Schneeberger Korbinian, Malde Ketil, Coward Eivind, Jonassen Inge
Computational Biology Unit, University of Bergen Bergen, Norway.
Nucleic Acids Res. 2005 Apr 14;33(7):2176-80. doi: 10.1093/nar/gki511. Print 2005.
A problem in EST clustering is the presence of repeat sequences. To avoid false matches, repeats have to be masked. This can be a time-consuming process, and it depends on available repeat libraries.
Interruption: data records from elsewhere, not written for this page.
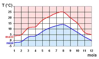 La courbe des températures moyennes, non représentée sur le diagramme, se place entre ces deux courbes extrêmes tracées en rouge et en bleu.
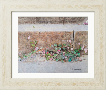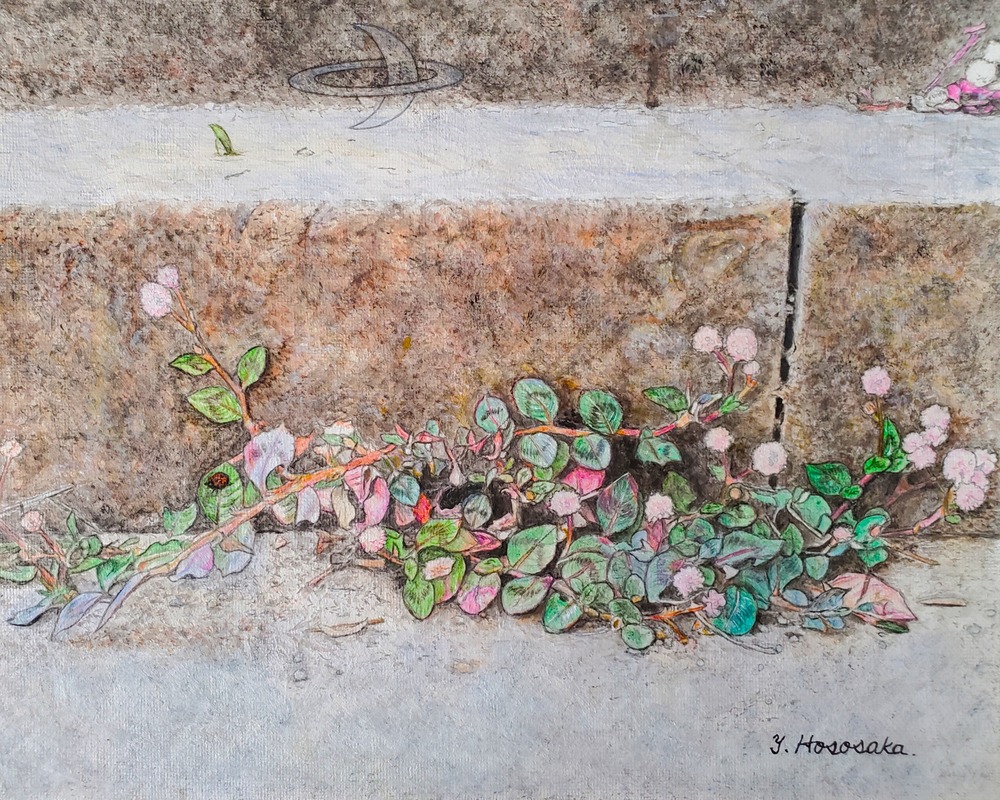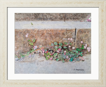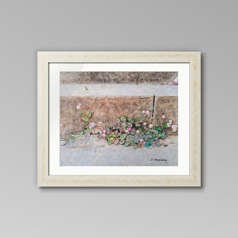 原画のタイトルは「コンクリートから生える雑草の花」(F3キャンバス/アクリル)ですが、このジークレー印刷の作品タイトルを「今、ここに咲く」に変えて『ここ咲くシリーズ』としました。どうぞ、よろしくお願いいたします!
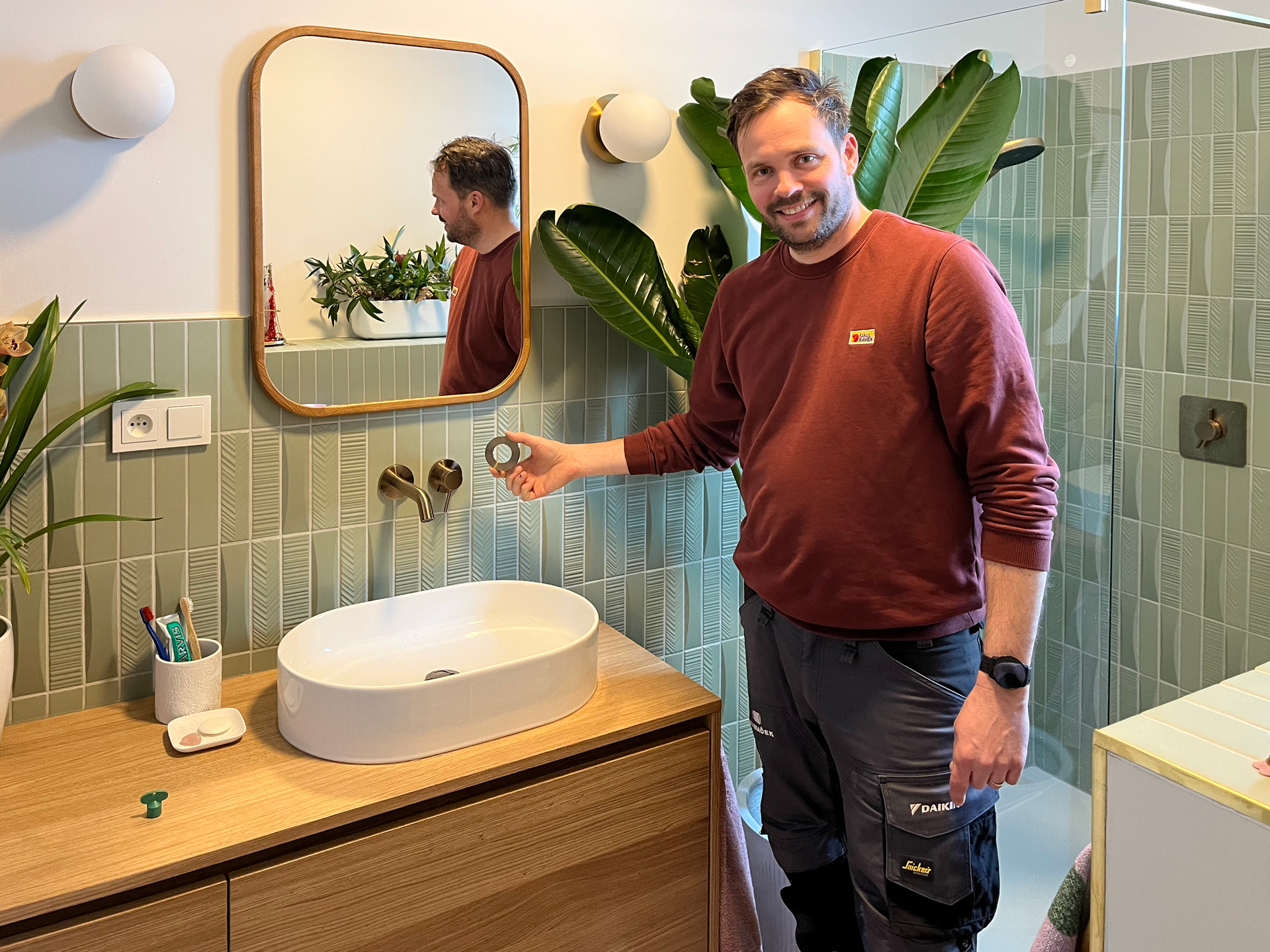 Součástí realizace bylo také kompletní ZTI včetně finální kompletace s důrazem na design a sladění detailů. Použili jsme produkty Hansgrohe v kartáčované bronzové barvě, které dodávají interiéru moderní a nadčasový vzhled.
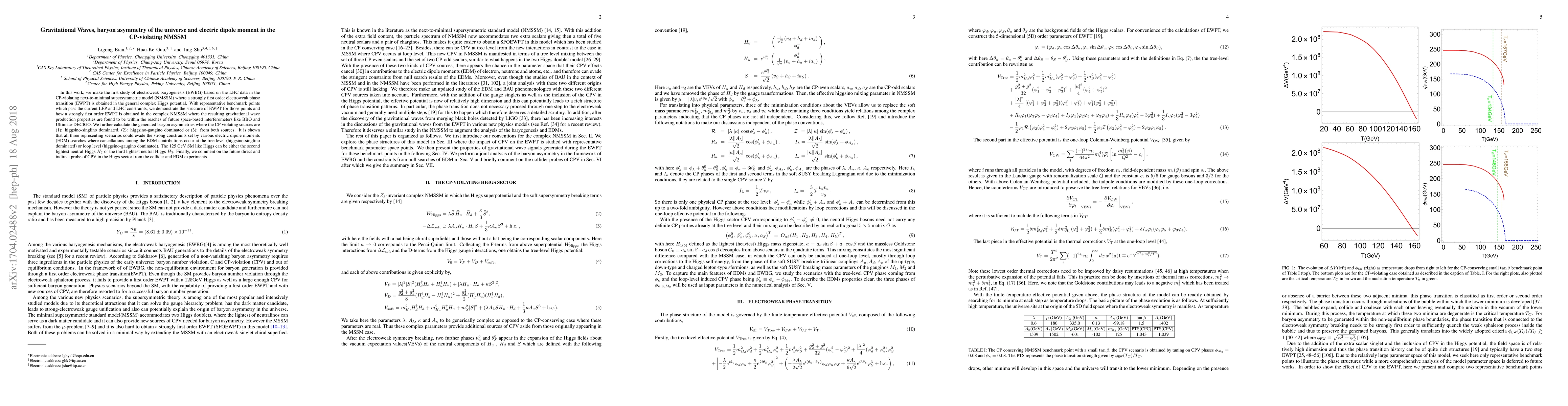 This paper explores electroweak baryogenesis in the CP-violating NMSSM, demonstrating how a strongly first-order electroweak phase transition can generate gravitational waves detectable by future space-based interferometers. It also investigates baryon asymmetry generation and shows that the model can evade electric dipole moment constraints through cancellations among contributions.
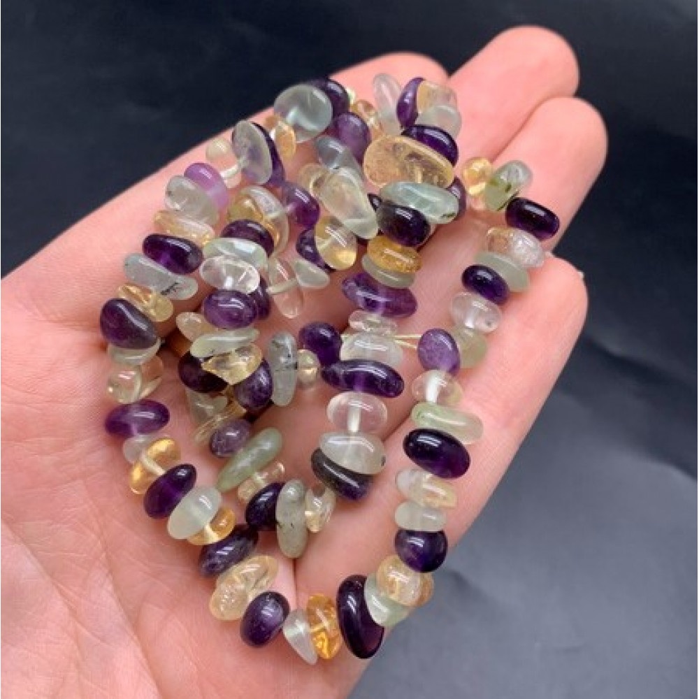 Каменные бусины, Кварцевый Микс (цитрин, аметист, пренит), фриформы, 9х4 мм, длина нити 38 см
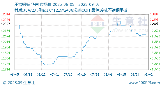 9月3日生意社不锈钢板基准价为12092.86元/吨

We present a fast and effective method that aims to eliminate the problems repeats cause in the process of clustering. Unlike traditional methods, repeats are inferred directly from the EST data, we do not rely on any external library of known repeats. This makes the method especially suitable for analysing the ESTs from organisms without good repeat libraries. We demonstrate that the result is very similar to performing standard repeat masking before clustering.
EST聚类中的一个问题是存在重复序列。为避免错误匹配,必须对重复序列进行屏蔽。这可能是一个耗时的过程,并且取决于可用的重复序列库。我们提出了一种快速有效的方法,旨在消除重复序列在聚类过程中引起的问题。与传统方法不同,重复序列是直接从EST数据中推断出来的,我们不依赖任何已知重复序列的外部库。这使得该方法特别适用于分析来自没有良好重复序列库的生物体的EST。我们证明,结果与在聚类前进行标准重复序列屏蔽非常相似。